Die Beschränkung der Seitenanzahl ist oft mit höherer Komplexität in der Nutzung und mit Mehrkosten bei der Infrastruktur verbunden. Dies wird typischerweise nur in grösseren und weiterführenden Schulen umgesetzt.

Kopier- und Druckerwartung als Dienstleistung

Bei Fotokopierern ist die Miete inkl. Wartungsservice und Tonerersatz weitverbreitet. Ähnliche Angebote gibt es auch für Multifunktionsdrucker.  Sobald der Kopierer und der Drucker ins Netzwerk eingebunden sind und Teil der digitalen Prozesse werden, müssen die Schnittstellen und Verantwortlichkeiten zwischen schulinternem technischem Support, externem technischem Support und externem Dienstleister geklärt sein.

Handlungsempfehlungen

Symbol AusgangslageAusgangslage
Bei Bedarf wurden Drucker beschafft. Bei der Beschaffung war vor allem der Einkaufpreis entscheidend. Es gibt in der Schule verschiedene Drucker.   

Symbol ApplikationApplikation
Die Schule reduziert die Anzahl der Modelle der Multifunktionsdrucker, um die Verwaltung und den Toner-Einkauf zu vereinfachen. Alle Kopierer werden ans Netzwerk angeschlossen. Es gibt Scanmöglichkeiten für Lehrpersonen und Schülerinnen und Schüler. Druckgeschwindigkeit, Alltagstauglichkeit und Druckkosten rücken ins Zentrum.

Symbol IntegrationIntegration
Die Multifunktionsdrucker werden zentraler Teil des gesamten Digitalisierungsprozesses. Die Scanfunktion, inkl.
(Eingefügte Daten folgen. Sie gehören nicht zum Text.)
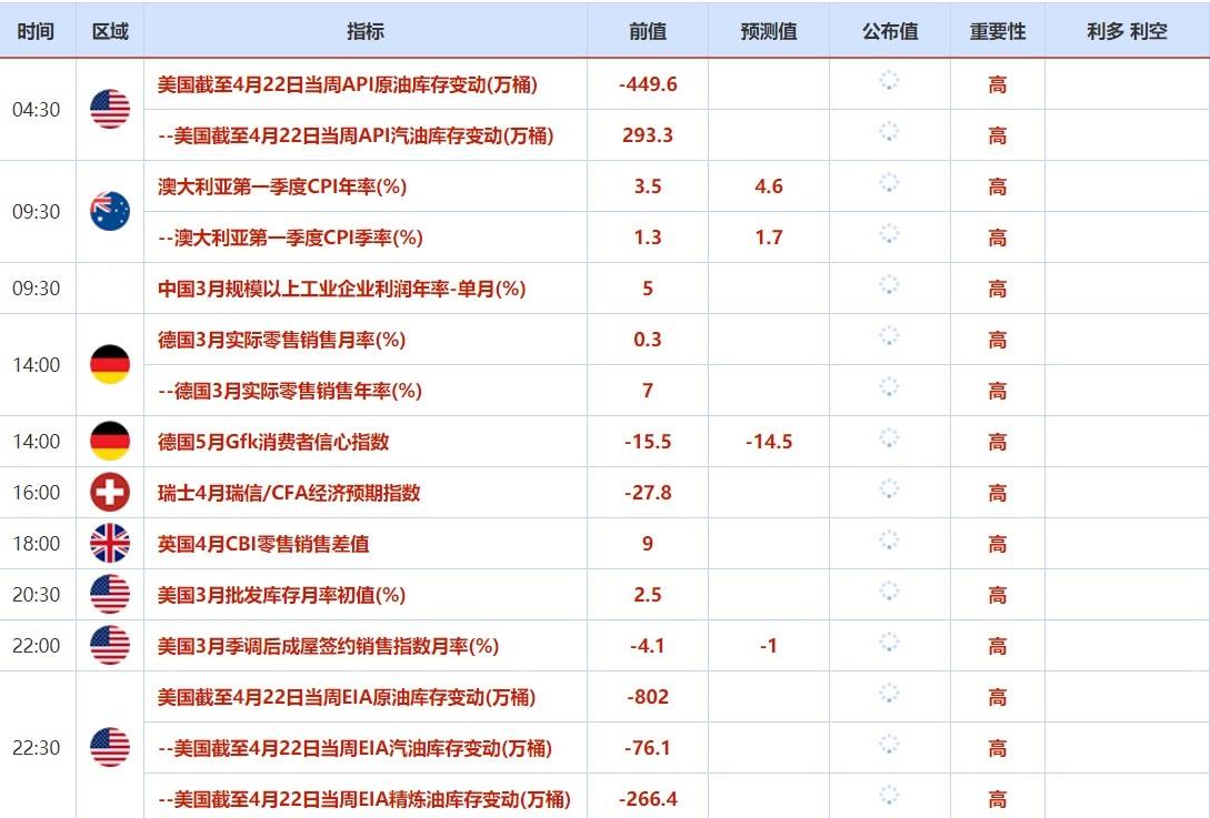 值得注意的是,4月29日,中国上期所、大商所、郑商所、上金所因劳动节,不进行夜盘交易。日本东京证券交易所,昭和之日,休市一日。

Schrifterkennung, wird als gleich wichtig betrachtet wie die Druckfunktion. Die Schule verfügt über ein kleines Druckerkonzept, in dem Zugänglichkeit, Nutzungsgruppen, Druckermanagement, Sicherheit, Verantwortlichkeiten sowie Gesamtkosten geklärt sind. 

Symbol TransformationTransformation
Das Scannen und Drucken wird Teil des Lernprozesses. Durch die Digitalisierung geht das Druckvolumen zurück. Die Schule kann die Anzahl Kopierer reduzieren. Das Bedürfnis nach Qualität und der vielfältige Einsatz der Drucker wird wichtiger. Die Schule stellt verschiedene Drucker für verschiedene Bedürfnisse (Format, Qualität) zur Verfügung.